WORK TASK — Without copying any pictures, restate exactly the lines from the start of the records through the line containing "Wadfow Rubber Mallet".

● ● ● ● ●

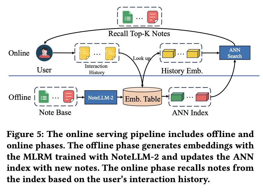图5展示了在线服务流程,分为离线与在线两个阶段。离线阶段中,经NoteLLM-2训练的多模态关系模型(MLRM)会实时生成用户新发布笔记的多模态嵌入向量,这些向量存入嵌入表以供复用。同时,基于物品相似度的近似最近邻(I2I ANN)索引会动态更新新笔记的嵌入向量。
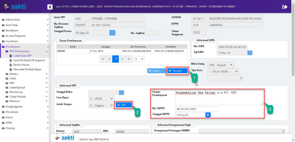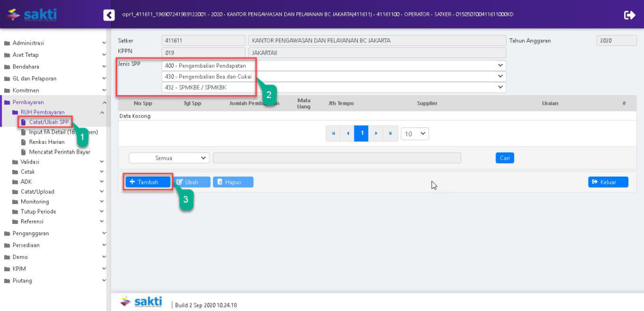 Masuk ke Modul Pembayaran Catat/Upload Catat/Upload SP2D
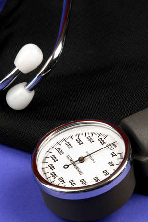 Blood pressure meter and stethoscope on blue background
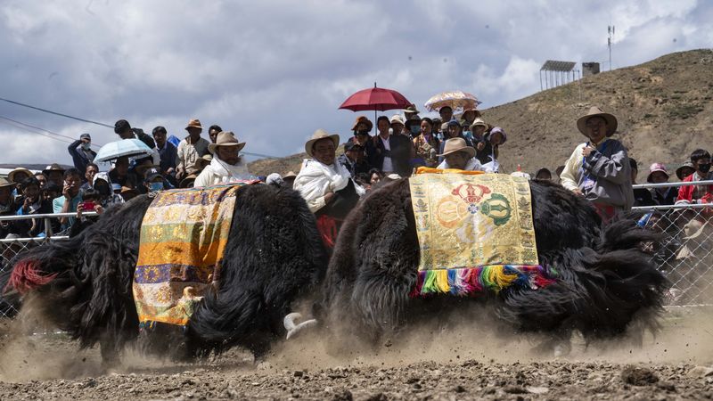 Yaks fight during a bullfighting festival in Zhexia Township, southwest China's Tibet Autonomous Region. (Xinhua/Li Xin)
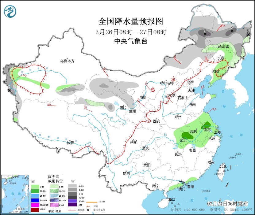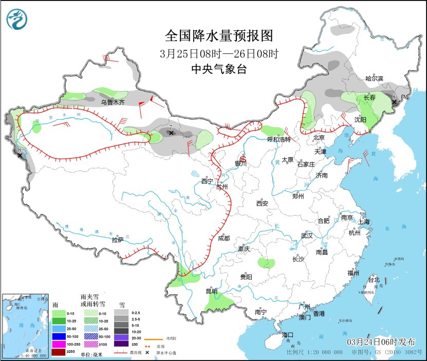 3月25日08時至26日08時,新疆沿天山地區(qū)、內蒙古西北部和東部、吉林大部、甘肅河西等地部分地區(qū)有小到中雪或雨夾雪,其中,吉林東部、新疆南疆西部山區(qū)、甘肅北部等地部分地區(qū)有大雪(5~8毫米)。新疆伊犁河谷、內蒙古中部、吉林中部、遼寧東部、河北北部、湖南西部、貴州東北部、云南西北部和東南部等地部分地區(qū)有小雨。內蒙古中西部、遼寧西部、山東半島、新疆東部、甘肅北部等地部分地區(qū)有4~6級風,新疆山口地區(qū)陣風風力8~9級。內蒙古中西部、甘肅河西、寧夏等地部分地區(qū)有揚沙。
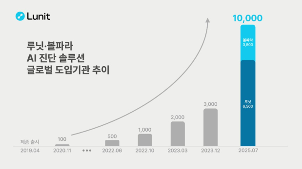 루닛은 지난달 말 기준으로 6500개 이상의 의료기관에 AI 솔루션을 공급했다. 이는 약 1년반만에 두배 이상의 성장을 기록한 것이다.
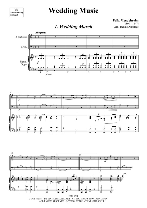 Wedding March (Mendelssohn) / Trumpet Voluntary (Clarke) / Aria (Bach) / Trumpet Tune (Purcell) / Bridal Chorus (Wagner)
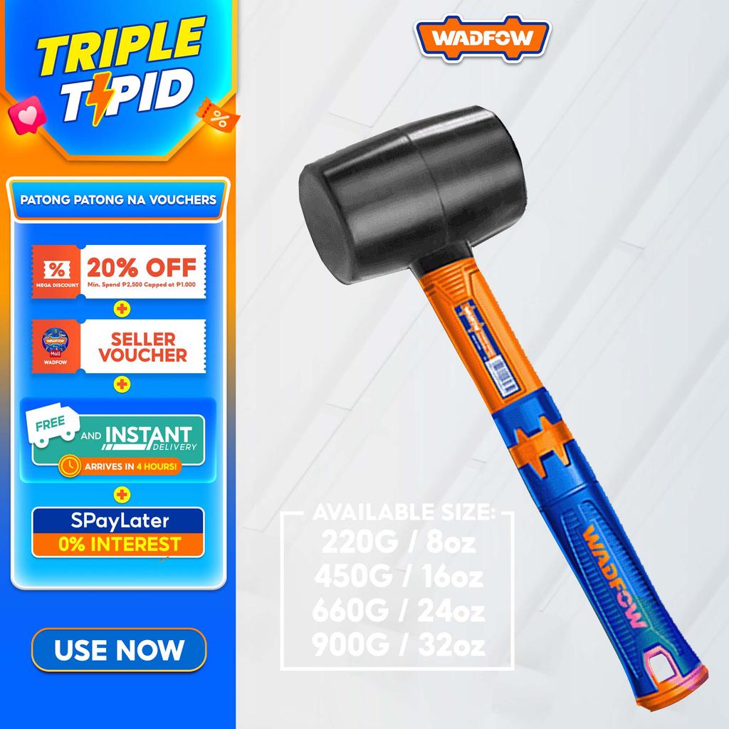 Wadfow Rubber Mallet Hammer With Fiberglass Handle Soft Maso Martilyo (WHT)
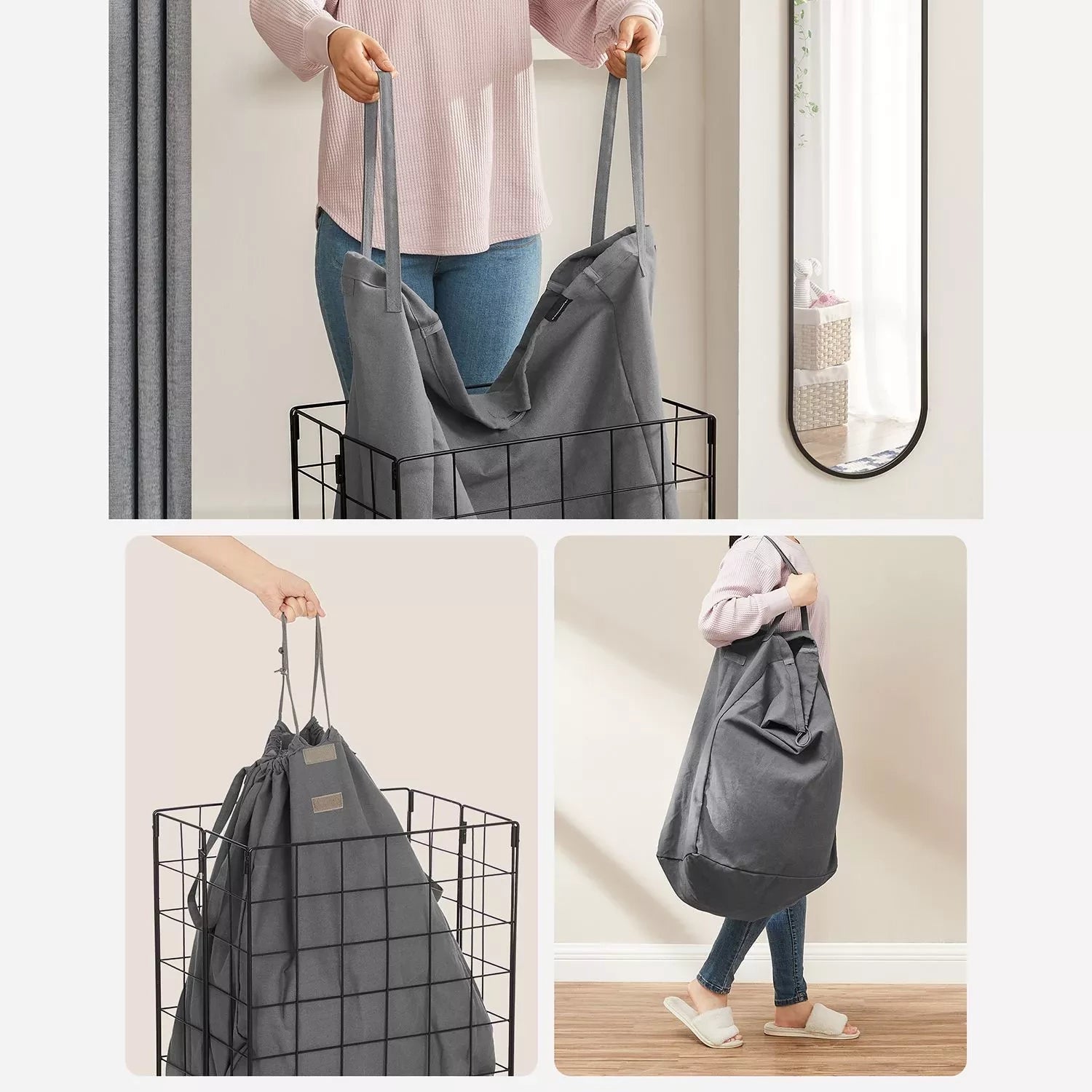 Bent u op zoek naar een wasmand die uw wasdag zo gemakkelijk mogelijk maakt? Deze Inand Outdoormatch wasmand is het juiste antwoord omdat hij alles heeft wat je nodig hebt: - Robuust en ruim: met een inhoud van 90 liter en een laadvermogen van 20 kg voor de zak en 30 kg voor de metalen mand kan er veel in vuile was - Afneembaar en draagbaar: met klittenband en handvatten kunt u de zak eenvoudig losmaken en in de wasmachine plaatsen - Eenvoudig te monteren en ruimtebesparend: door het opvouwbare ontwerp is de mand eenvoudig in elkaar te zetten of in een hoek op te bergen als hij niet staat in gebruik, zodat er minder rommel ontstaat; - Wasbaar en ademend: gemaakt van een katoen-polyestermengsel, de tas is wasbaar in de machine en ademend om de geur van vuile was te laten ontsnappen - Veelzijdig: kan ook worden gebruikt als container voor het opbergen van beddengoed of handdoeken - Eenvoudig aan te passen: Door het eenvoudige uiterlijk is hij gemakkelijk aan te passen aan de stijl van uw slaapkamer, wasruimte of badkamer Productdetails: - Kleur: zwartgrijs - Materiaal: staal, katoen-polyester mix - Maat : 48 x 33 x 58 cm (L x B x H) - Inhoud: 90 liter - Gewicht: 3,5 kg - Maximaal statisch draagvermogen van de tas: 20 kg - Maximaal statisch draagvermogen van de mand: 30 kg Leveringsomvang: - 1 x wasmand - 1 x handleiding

● ● ● ● ●

RESULT OF THE TASK —
图5展示了在线服务流程,分为离线与在线两个阶段。离线阶段中,经NoteLLM-2训练的多模态关系模型(MLRM)会实时生成用户新发布笔记的多模态嵌入向量,这些向量存入嵌入表以供复用。同时,基于物品相似度的近似最近邻(I2I ANN)索引会动态更新新笔记的嵌入向量。
 Masuk ke Modul Pembayaran Catat/Upload Catat/Upload SP2D
 Blood pressure meter and stethoscope on blue background
 Yaks fight during a bullfighting festival in Zhexia Township, southwest China's Tibet Autonomous Region. (Xinhua/Li Xin)
 3月25日08時至26日08時,新疆沿天山地區(qū)、內蒙古西北部和東部、吉林大部、甘肅河西等地部分地區(qū)有小到中雪或雨夾雪,其中,吉林東部、新疆南疆西部山區(qū)、甘肅北部等地部分地區(qū)有大雪(5~8毫米)。新疆伊犁河谷、內蒙古中部、吉林中部、遼寧東部、河北北部、湖南西部、貴州東北部、云南西北部和東南部等地部分地區(qū)有小雨。內蒙古中西部、遼寧西部、山東半島、新疆東部、甘肅北部等地部分地區(qū)有4~6級風,新疆山口地區(qū)陣風風力8~9級。內蒙古中西部、甘肅河西、寧夏等地部分地區(qū)有揚沙。
 루닛은 지난달 말 기준으로 6500개 이상의 의료기관에 AI 솔루션을 공급했다. 이는 약 1년반만에 두배 이상의 성장을 기록한 것이다.
 Wedding March (Mendelssohn) / Trumpet Voluntary (Clarke) / Aria (Bach) / Trumpet Tune (Purcell) / Bridal Chorus (Wagner)
 Wadfow Rubber Mallet Hammer With Fiberglass Handle Soft Maso Martilyo (WHT)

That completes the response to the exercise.